→ **Exercise**
The answer must be only the lines below from the one holding "T-6 2015- motorizare" down to the one holding "Votre Extérieure : La", ends included, printed exactly; please omit all pictures.

[Data excerpts Boundary: Start]

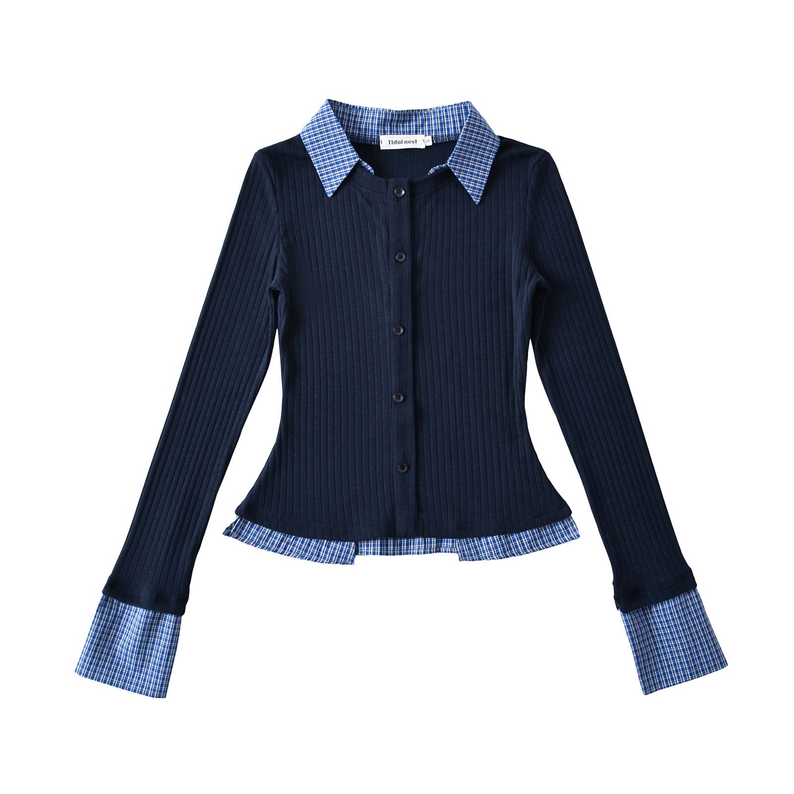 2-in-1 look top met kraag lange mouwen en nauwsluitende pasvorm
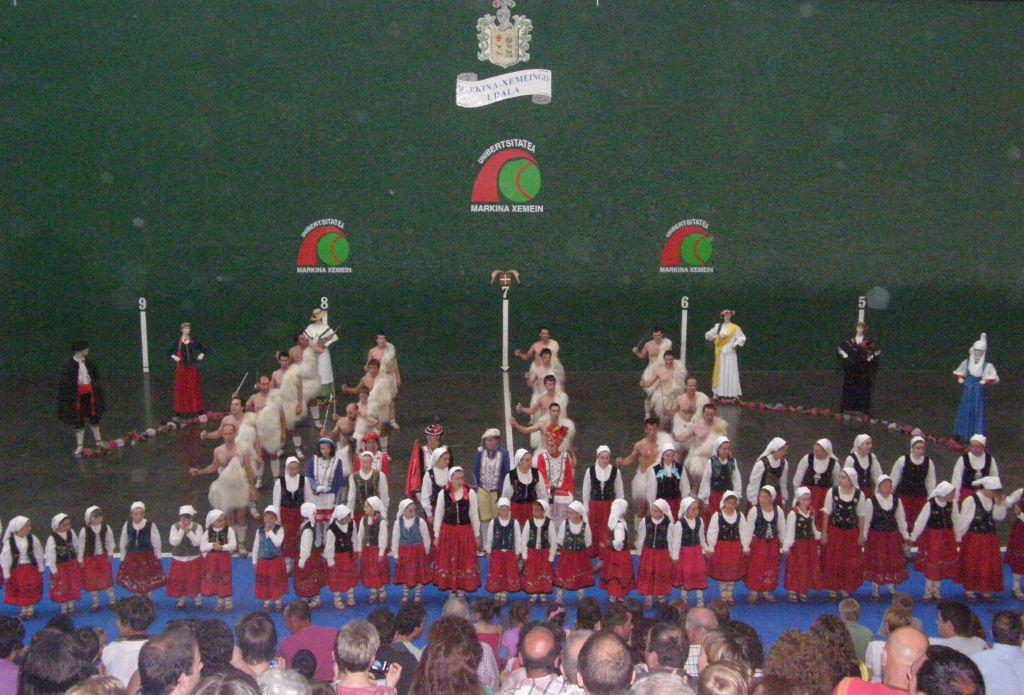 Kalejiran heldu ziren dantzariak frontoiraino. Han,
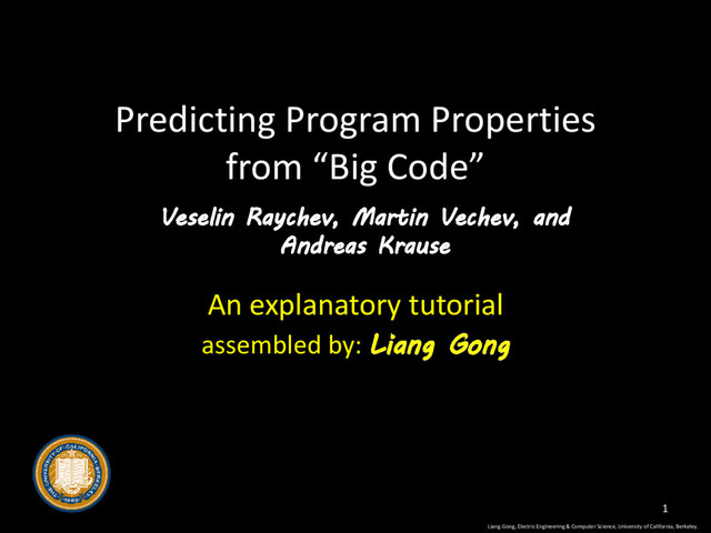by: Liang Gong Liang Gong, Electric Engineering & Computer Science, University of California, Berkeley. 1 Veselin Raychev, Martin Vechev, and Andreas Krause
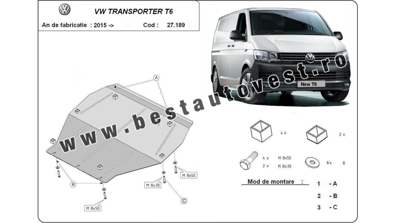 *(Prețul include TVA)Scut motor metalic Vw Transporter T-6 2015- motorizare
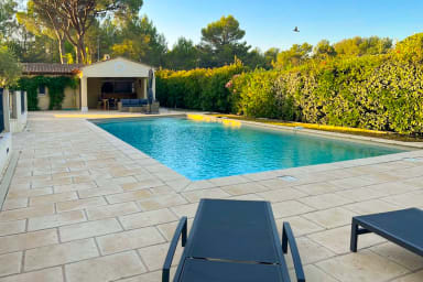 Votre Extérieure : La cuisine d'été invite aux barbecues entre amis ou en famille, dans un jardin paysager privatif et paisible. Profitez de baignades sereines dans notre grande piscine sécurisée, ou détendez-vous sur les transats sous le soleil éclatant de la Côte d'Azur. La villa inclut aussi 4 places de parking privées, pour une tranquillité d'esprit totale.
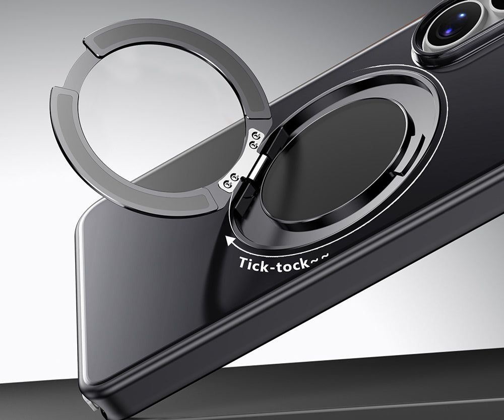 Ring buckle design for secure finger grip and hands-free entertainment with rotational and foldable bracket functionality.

[Data excerpts Boundary: End]

→ **Response for this exercise**
 *(Prețul include TVA)Scut motor metalic Vw Transporter T-6 2015- motorizare
 Votre Extérieure : La cuisine d'été invite aux barbecues entre amis ou en famille, dans un jardin paysager privatif et paisible. Profitez de baignades sereines dans notre grande piscine sécurisée, ou détendez-vous sur les transats sous le soleil éclatant de la Côte d'Azur. La villa inclut aussi 4 places de parking privées, pour une tranquillité d'esprit totale.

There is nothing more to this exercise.